Your answer must be an exact retyping of the line containing "2.从菜单中打开,Project -> Options" and every line after it through the end of the records below, with no pictures and nothing else.

__Data records__
▬▬▬▬▬▬
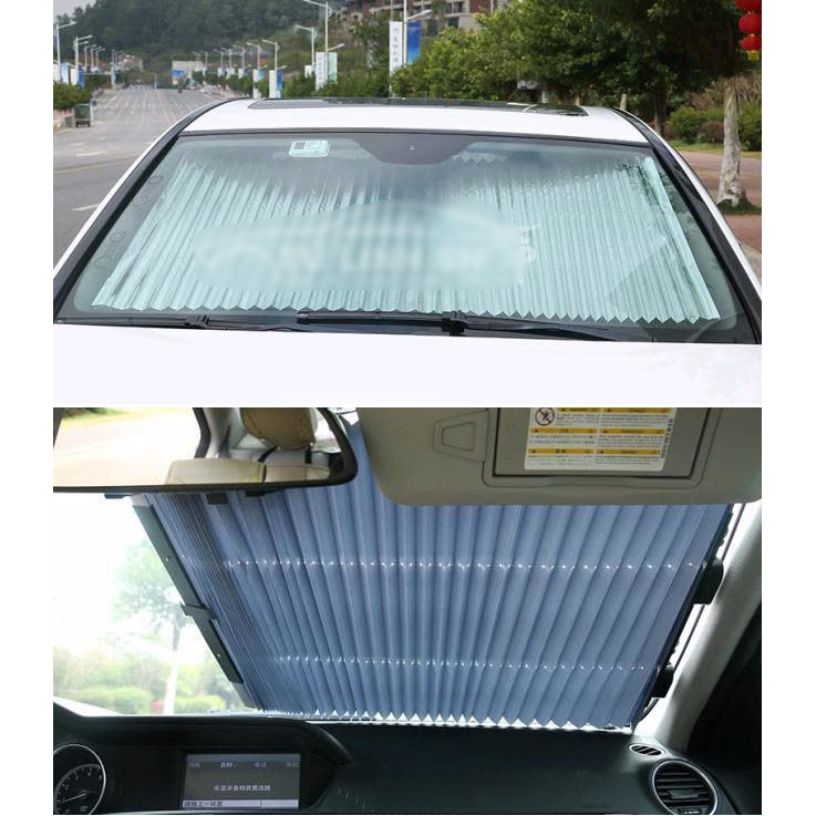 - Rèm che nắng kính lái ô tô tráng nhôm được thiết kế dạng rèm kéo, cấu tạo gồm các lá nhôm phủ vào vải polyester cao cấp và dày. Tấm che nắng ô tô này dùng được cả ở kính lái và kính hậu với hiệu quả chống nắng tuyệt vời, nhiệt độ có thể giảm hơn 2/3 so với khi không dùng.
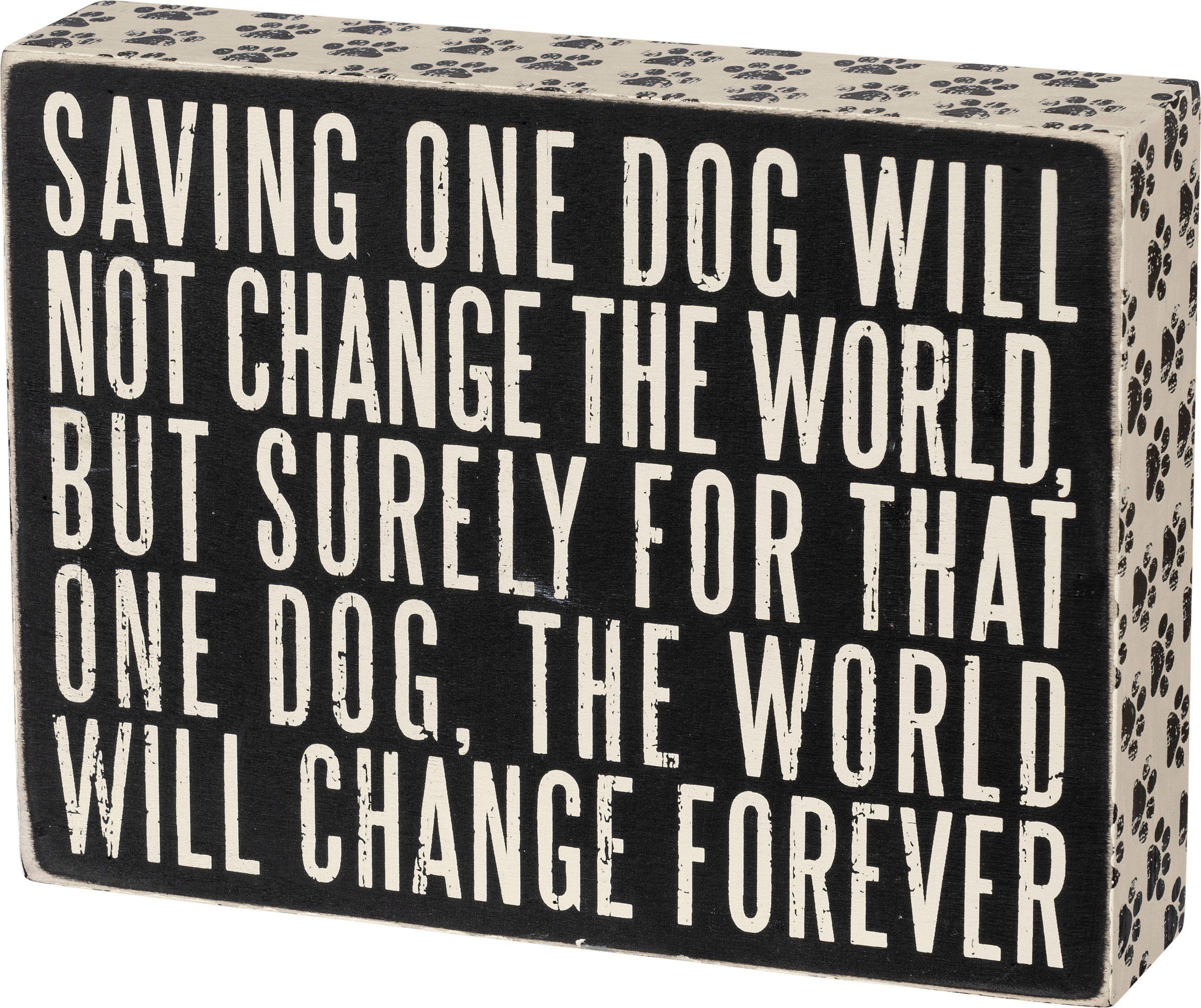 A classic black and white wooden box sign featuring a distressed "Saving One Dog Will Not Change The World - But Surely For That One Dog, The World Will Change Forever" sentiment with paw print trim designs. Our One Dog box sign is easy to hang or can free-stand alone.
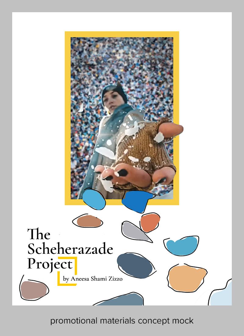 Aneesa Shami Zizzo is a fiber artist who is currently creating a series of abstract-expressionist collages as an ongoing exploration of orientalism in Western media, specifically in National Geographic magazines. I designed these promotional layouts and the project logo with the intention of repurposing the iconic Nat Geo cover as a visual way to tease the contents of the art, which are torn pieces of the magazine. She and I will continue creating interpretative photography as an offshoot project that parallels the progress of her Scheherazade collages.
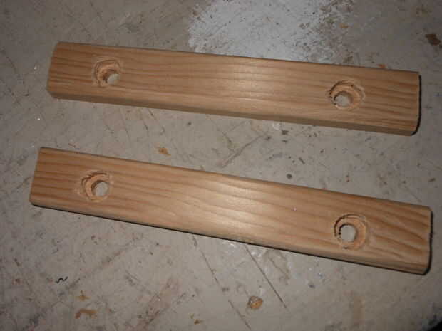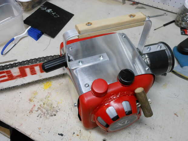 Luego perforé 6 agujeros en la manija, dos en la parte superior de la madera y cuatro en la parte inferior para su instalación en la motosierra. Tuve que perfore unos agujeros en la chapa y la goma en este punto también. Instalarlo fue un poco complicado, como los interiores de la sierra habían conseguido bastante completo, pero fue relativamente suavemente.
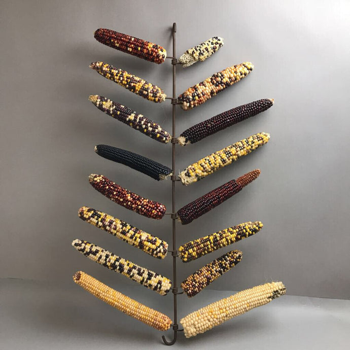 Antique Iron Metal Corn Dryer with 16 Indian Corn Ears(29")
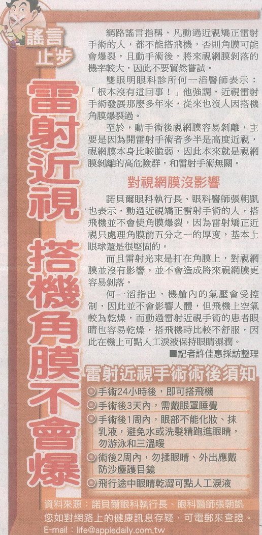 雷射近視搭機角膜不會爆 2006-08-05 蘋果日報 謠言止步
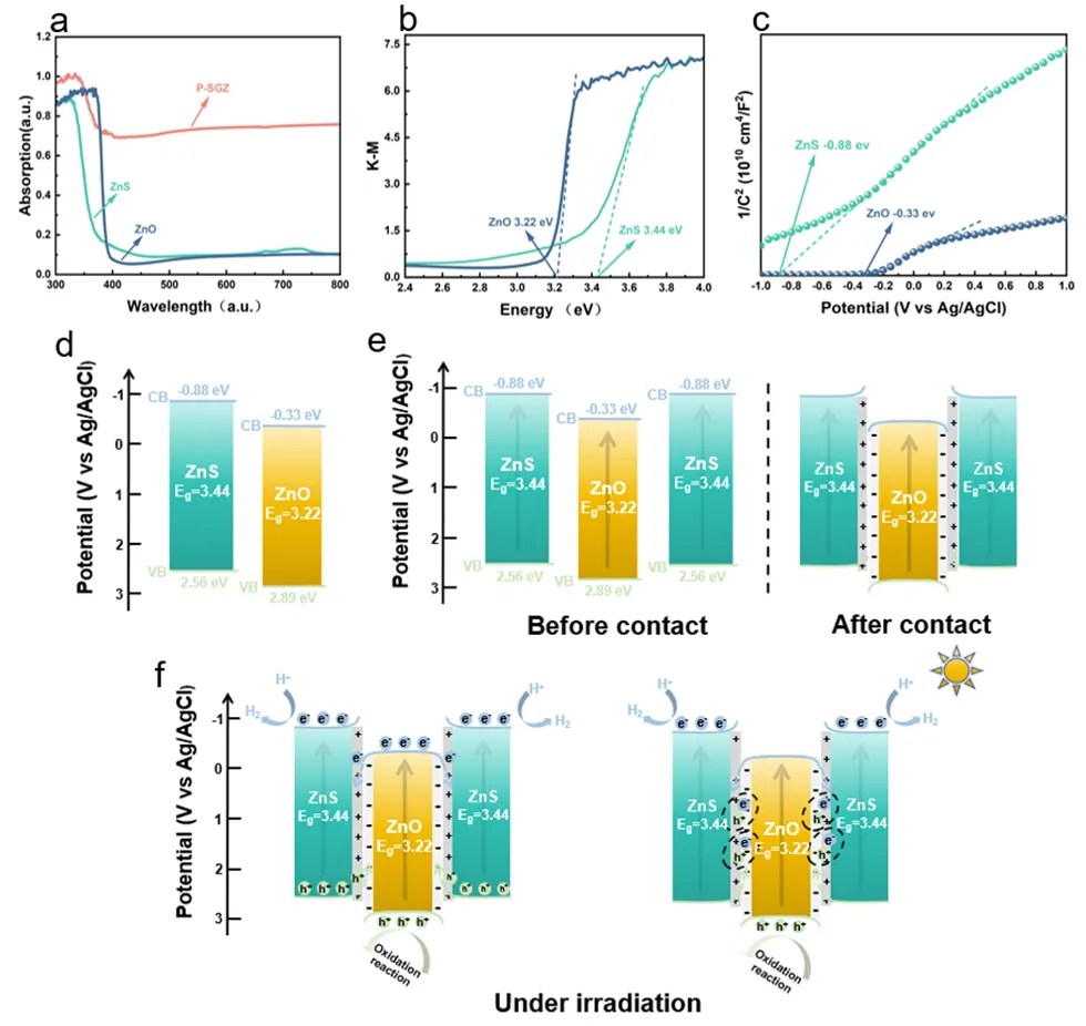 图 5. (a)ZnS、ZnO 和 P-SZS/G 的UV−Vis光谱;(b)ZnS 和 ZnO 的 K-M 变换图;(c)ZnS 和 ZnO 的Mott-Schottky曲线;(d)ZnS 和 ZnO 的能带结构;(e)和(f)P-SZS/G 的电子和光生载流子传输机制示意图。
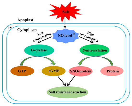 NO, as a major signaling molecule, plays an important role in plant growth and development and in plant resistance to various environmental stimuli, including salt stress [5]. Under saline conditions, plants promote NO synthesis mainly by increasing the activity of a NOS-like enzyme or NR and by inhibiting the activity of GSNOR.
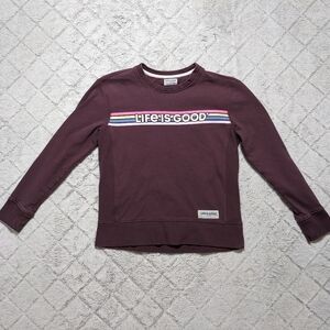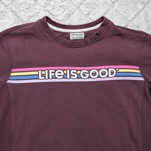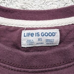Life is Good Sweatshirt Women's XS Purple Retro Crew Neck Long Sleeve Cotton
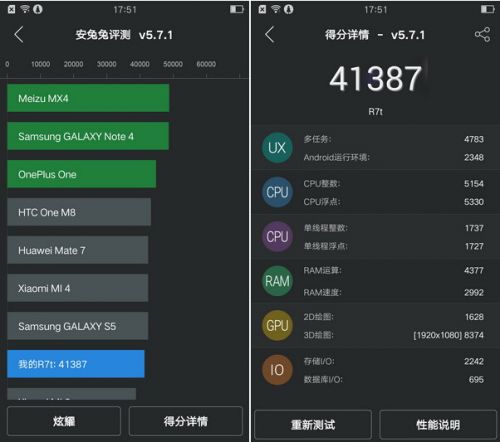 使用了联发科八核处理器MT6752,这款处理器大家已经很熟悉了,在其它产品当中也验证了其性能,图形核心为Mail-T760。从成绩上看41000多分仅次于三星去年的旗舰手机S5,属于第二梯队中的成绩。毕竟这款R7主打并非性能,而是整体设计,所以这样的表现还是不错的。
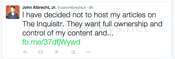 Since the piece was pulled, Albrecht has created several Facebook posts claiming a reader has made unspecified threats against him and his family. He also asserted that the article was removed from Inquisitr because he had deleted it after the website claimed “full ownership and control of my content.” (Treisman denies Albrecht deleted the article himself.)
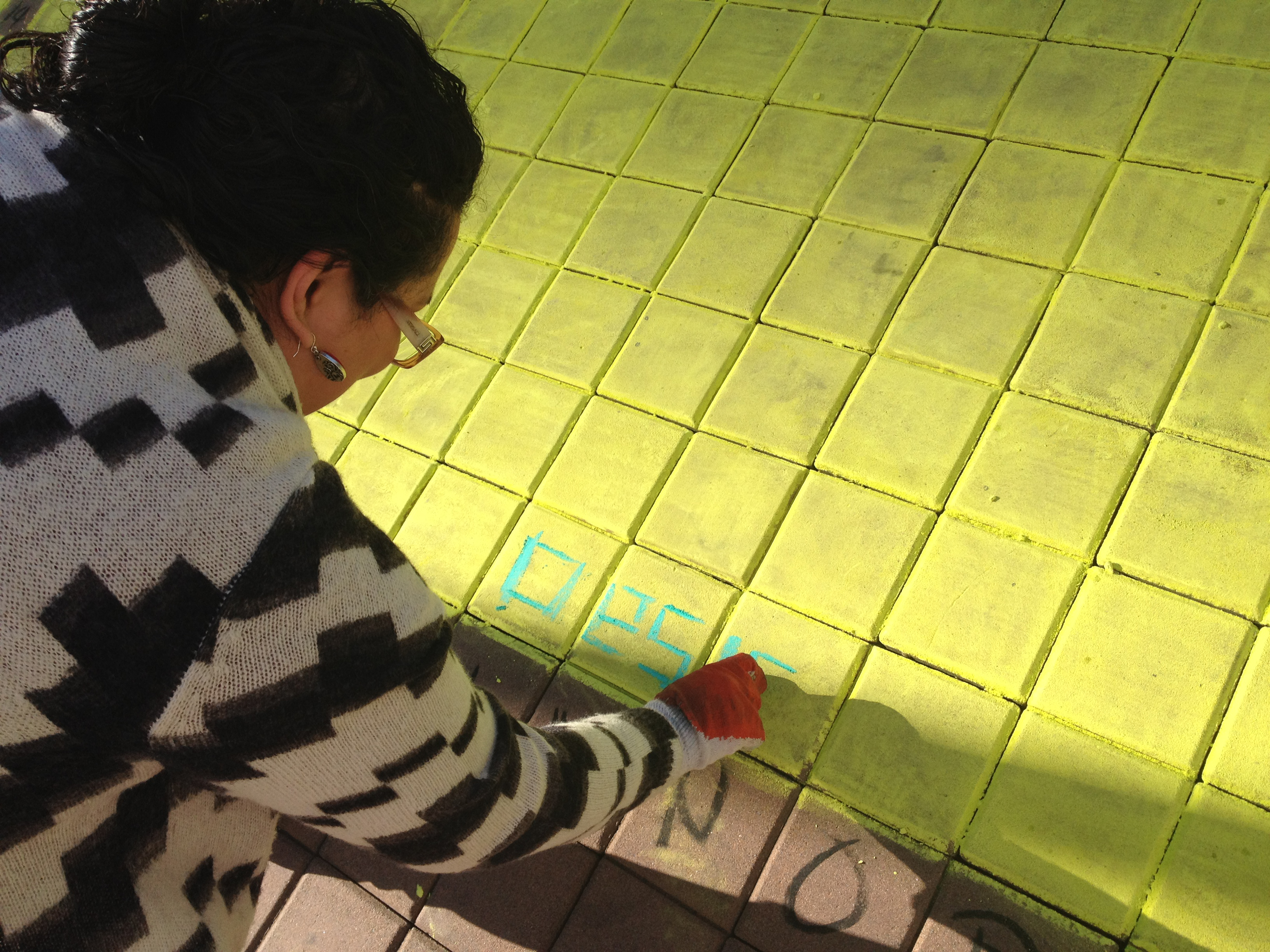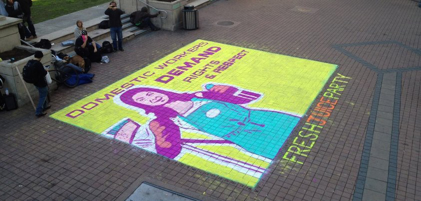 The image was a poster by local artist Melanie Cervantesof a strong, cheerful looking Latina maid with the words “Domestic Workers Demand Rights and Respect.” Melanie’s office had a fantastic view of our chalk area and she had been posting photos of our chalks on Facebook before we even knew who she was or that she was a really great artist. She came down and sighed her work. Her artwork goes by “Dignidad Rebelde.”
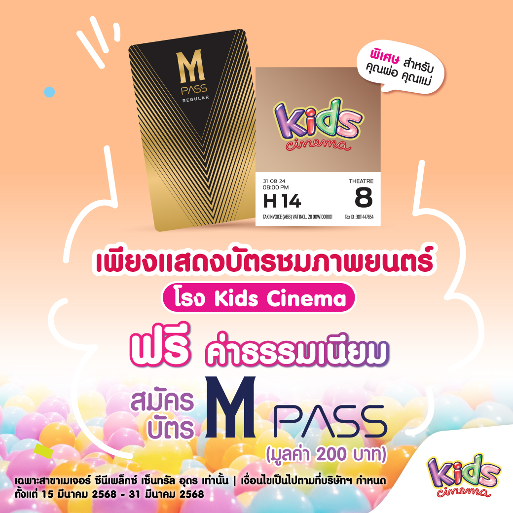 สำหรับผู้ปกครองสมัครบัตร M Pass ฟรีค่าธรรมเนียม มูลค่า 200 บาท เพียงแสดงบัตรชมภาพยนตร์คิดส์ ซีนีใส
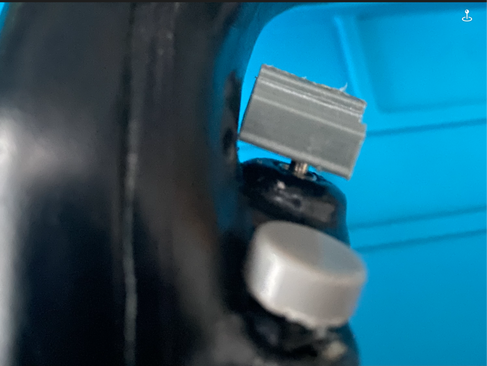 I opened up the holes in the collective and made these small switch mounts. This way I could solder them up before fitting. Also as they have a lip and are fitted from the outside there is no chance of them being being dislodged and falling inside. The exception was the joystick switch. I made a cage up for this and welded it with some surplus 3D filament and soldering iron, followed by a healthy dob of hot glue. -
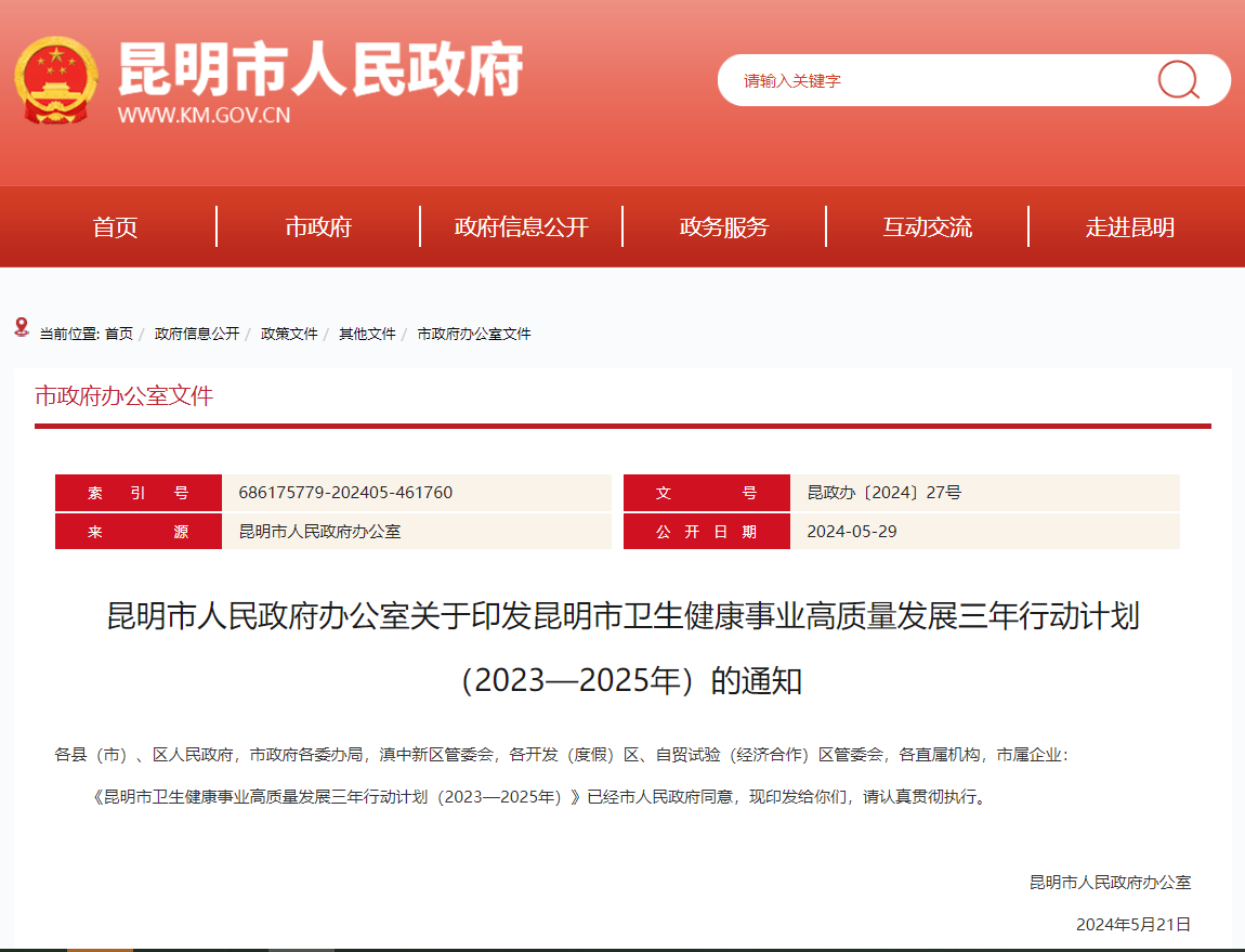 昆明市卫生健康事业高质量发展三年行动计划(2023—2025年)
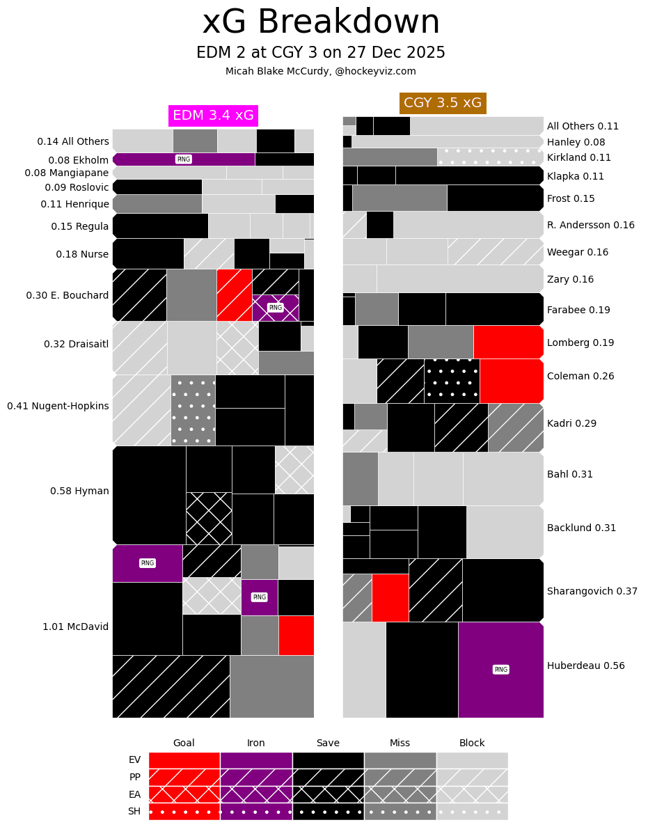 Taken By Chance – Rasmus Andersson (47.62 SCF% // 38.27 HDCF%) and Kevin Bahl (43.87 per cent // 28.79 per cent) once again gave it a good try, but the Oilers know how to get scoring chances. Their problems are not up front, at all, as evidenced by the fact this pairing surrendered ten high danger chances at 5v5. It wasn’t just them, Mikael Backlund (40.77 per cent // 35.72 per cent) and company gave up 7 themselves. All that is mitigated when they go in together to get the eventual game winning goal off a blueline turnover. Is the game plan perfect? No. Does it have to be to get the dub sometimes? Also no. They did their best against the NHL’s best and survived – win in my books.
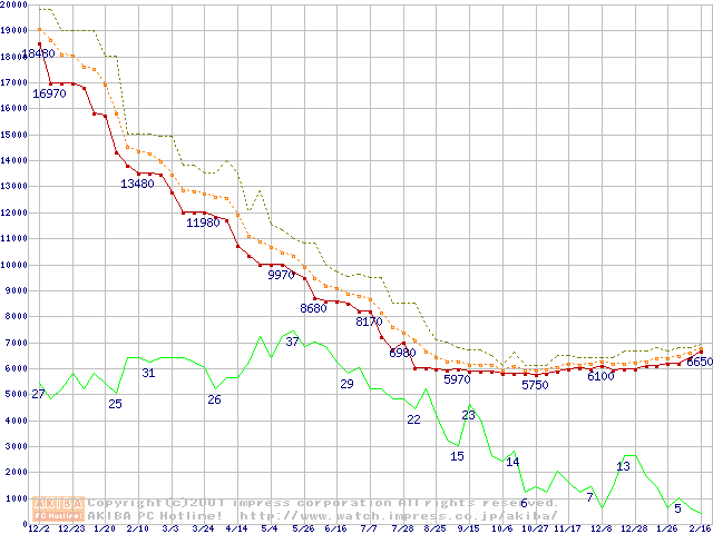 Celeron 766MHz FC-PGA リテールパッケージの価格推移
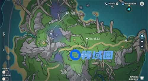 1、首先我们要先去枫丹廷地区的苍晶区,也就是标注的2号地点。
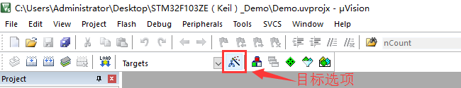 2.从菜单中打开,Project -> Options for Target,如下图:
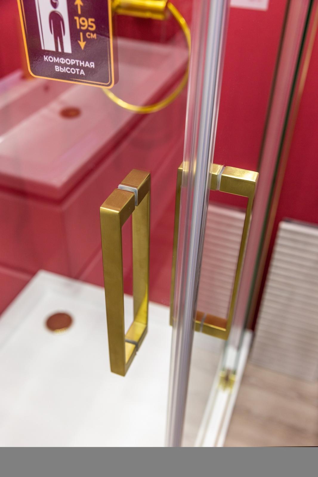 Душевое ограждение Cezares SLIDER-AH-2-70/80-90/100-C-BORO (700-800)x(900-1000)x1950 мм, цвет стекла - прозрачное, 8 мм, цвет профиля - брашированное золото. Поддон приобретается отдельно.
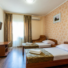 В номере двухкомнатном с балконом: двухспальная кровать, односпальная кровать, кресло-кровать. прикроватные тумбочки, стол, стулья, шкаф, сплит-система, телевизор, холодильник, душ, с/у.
▬▬▬▬▬▬
__Answer to the exercise__
 2.从菜单中打开,Project -> Options for Target,如下图:
 Душевое ограждение Cezares SLIDER-AH-2-70/80-90/100-C-BORO (700-800)x(900-1000)x1950 мм, цвет стекла - прозрачное, 8 мм, цвет профиля - брашированное золото. Поддон приобретается отдельно.
 В номере двухкомнатном с балконом: двухспальная кровать, односпальная кровать, кресло-кровать. прикроватные тумбочки, стол, стулья, шкаф, сплит-система, телевизор, холодильник, душ, с/у.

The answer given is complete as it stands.